The second stage of the system evaluation engine is the propagation simulator. Take the case of single-wavelength propagation for instance. Firstly, the optical signals of Eqs. (2.6) will be placed at the input of Si waveguides. Then, the semi-analytical solutions regarding the output signals can be derived by using either the full propagation algorithm (Eqs. (2.15) and (2.20)) or the linearized version ( Eqs. (2.26) and (2.27)). Precisely, both types of simulators can be selected for the CW signals (uOOK, uPSK),
whereas only the first simulator is capable of simulating the pulsed signal (uG). In case
of the multi-wavelength co-propagation, the analysis is carried out by first extracting the mathematical expression for signals in each channel (e.g., Eq. (2.28)), and then modifying the single-channel numerical routines to the multi-channel case by using Eqs. (2.21) and Eqs. (2.30), (2.31), respectively. Therefore, the explicit numerical implementation details for full and linearized propagation models will be presented in Sec. 4.3.1 and Sec. 4.3.2, respectively.

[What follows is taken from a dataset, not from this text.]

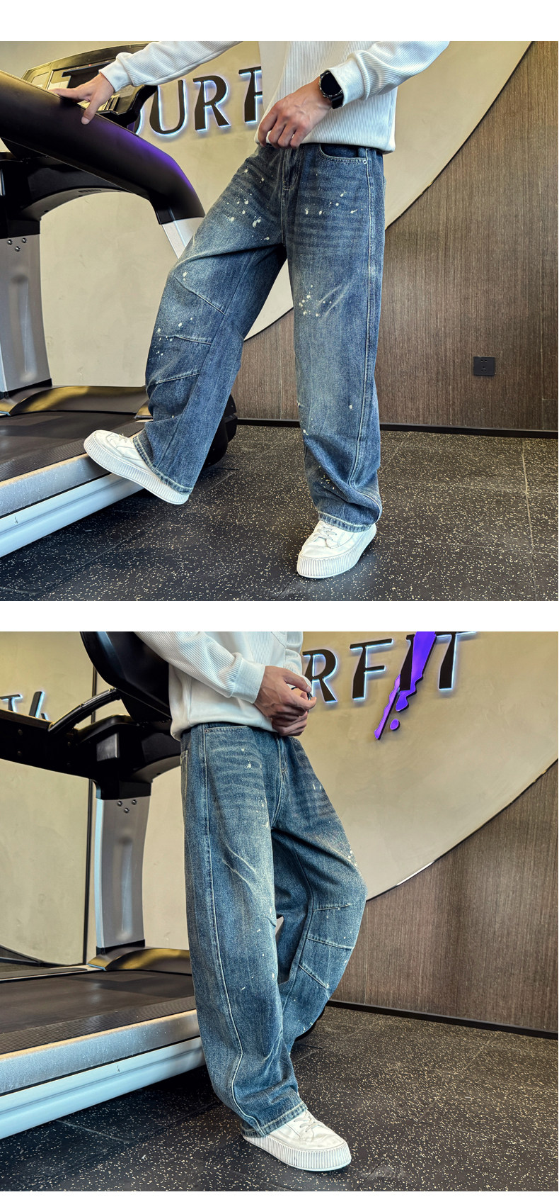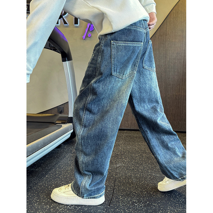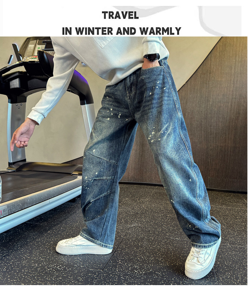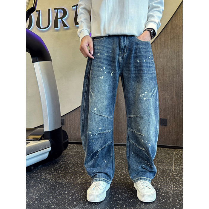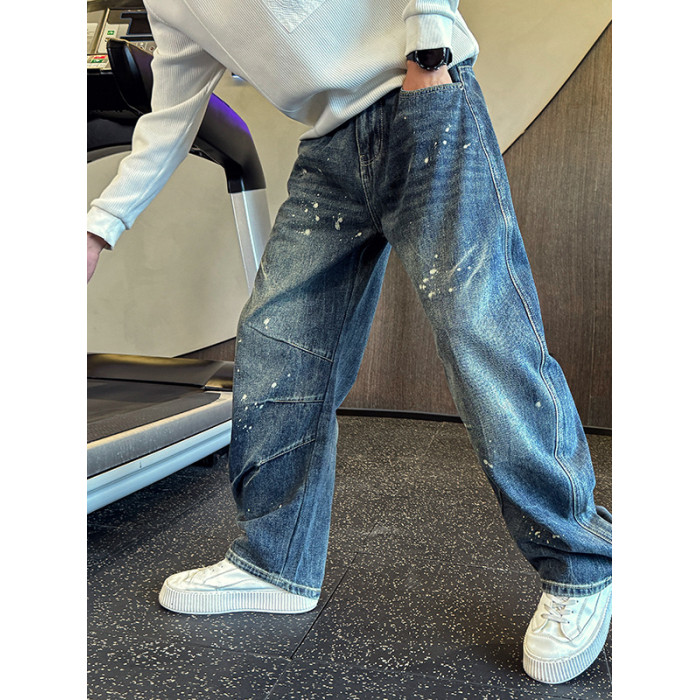 Oboy秋冬季美式高街潑墨彎刀牛仔褲男潮牌寬鬆濶腿褲痞帥直筒長褲

Another important stage is the BER calculator. From Fig. 4.1, we can see that the time-domain, frequency-domain and Fourier-series KLSE calculators are available in the BER estimation. The system BERs are determined by Eqs. (3.35), (3.38) and (3.41). The numerical procedures to implement these calculators will be explained in Sec. 4.3.3, Sec. 4.3.4 and Sec. 4.3.5. Particularly, the time- and frequency-domain KLSE calculators are only suitable for CW signals, while the third KLSE calculator can be applied to all shape of optical signals. At this stage, the numerical discretization must be carefully performed in order to guarantee the convergence and accuracy. Once the simulation operation is completed, the whole evaluation will enter the output stage.
Last but not least, the output of the whole system evaluation is illustrated in the final part of Fig. 4.1. Specifically, four important output characteristics will be gen- erated, namely BER, eye diagrams, signal dynamics and noise dynamics. The BER results are exported in form of DAT files, and can be viewed via softwares like Matlab and Python. Moreover, the eye diagrams can be inspected either at the output of optical filters or at the back-end of the receiver. In addition, the signal dynamics and the noise dynamics can be exported by utilizing either the propagation simulator or the entire simulation engine, with the difference existing between the optical dynamics and the electrical dynamics correspondingly.